Question:

A man stands at a point A on the bank of a straight river 1km wide which is flowing at speed of 12km/h. To reach point B, 10km down the river on the other side, he first rows the boat to a point P on the opposite side and then walks the remaining distance to B. He can row at a speed of 3 km/h (in still water) and he walks 6km/h. The river flows at 12 km/h.

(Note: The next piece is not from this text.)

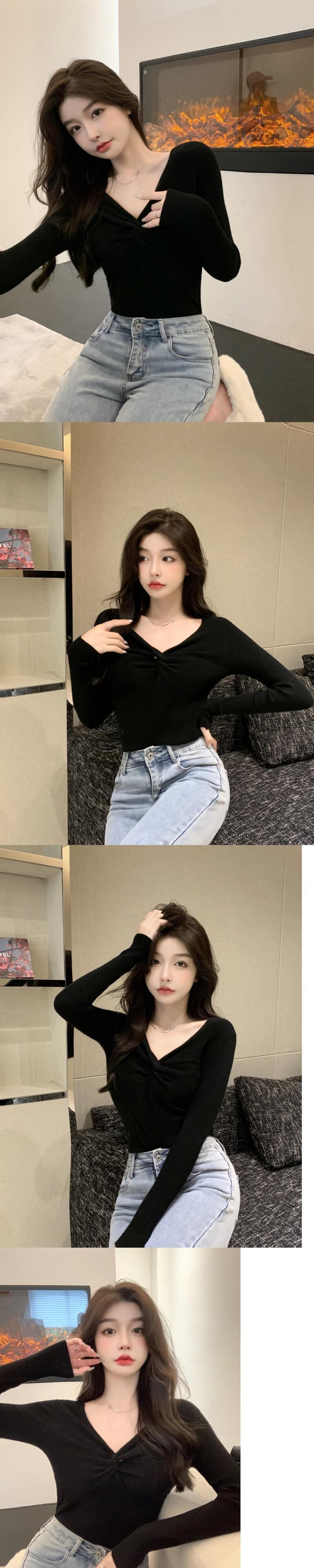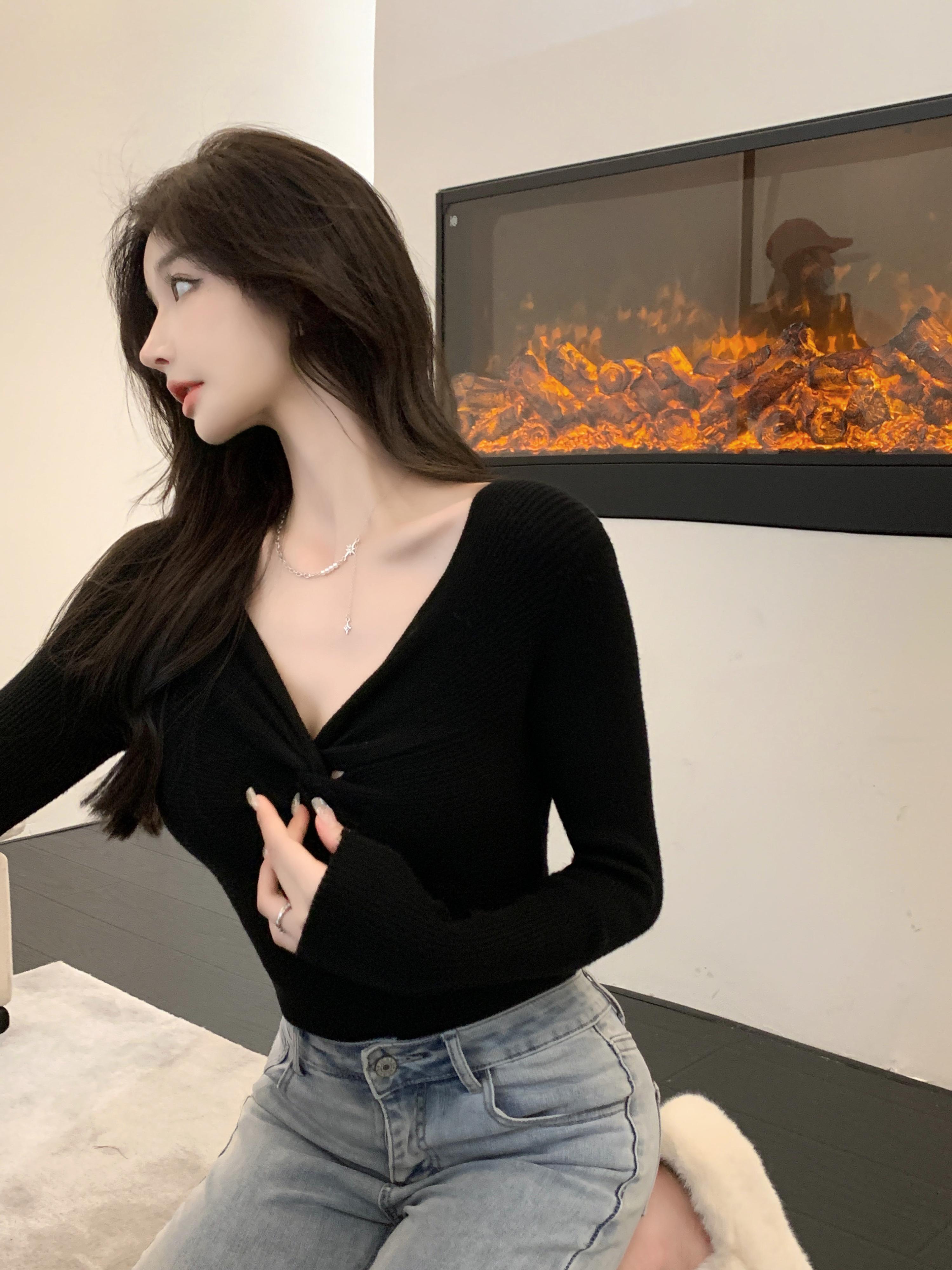 ニットセーター Vネックホワイトシャツ オータムウィンタートップス 秋物 冬物 ブラックストロベリース73948674624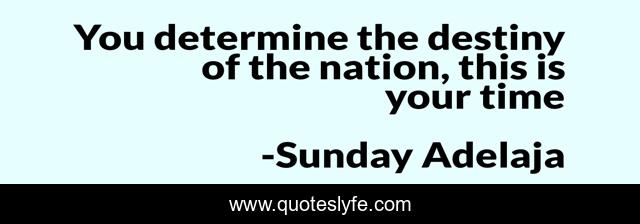 This page presents the quote "You determine the destiny of the nation, this is your time". Author of this quote is Sunday Adelaja. This quote is about destiny, calling, time, fulfillment, purpose,.

Determine the angle θ that would get the man to point B the fastest.Work:

Let O be the place where the boat starts. Consider point P as if it were moving towards O at 12km/h. This makes the water stationary.

equations:

$\displaystyle total time = time to cross river+time to cross land$

$\displaystyle time on river = \frac{1}{3}\cos{\theta} = \frac{1}{3}\sec{\theta}$

$\displaystyle OP=(12+3\sin{\theta}))\frac{1}{3}\sec{\theta} = \frac{\sin{\theta}+4}{\cos{\theta}}$

$\displaystyle PB=10-OP=\frac{5}{3}-\frac{\frac{\sin{\theta}}{6}+\frac{2}{3}}{\cos{\th eta}}$

total time = $\displaystyle \frac{1}{3}\sec{\theta}+\frac{5}{3}-\frac{\frac{\sin{\theta}{6}}+\frac{2}{3}}{\cos{\th eta}}$

I then take the derivative of this which is $\displaystyle -\frac{\frac{\sin{\theta}}{3}+\frac{1}{6}}{\cos{\th eta}^2}$ and set this equal to 0. Then solving for θ I get $\displaystyle \frac{7\pi}{6},-\frac{5\pi}{6},-\frac{\pi}{6}$

problem: none of these angles make sense becaue they need to be between $\displaystyle \frac{\pi}{2}$ and 0.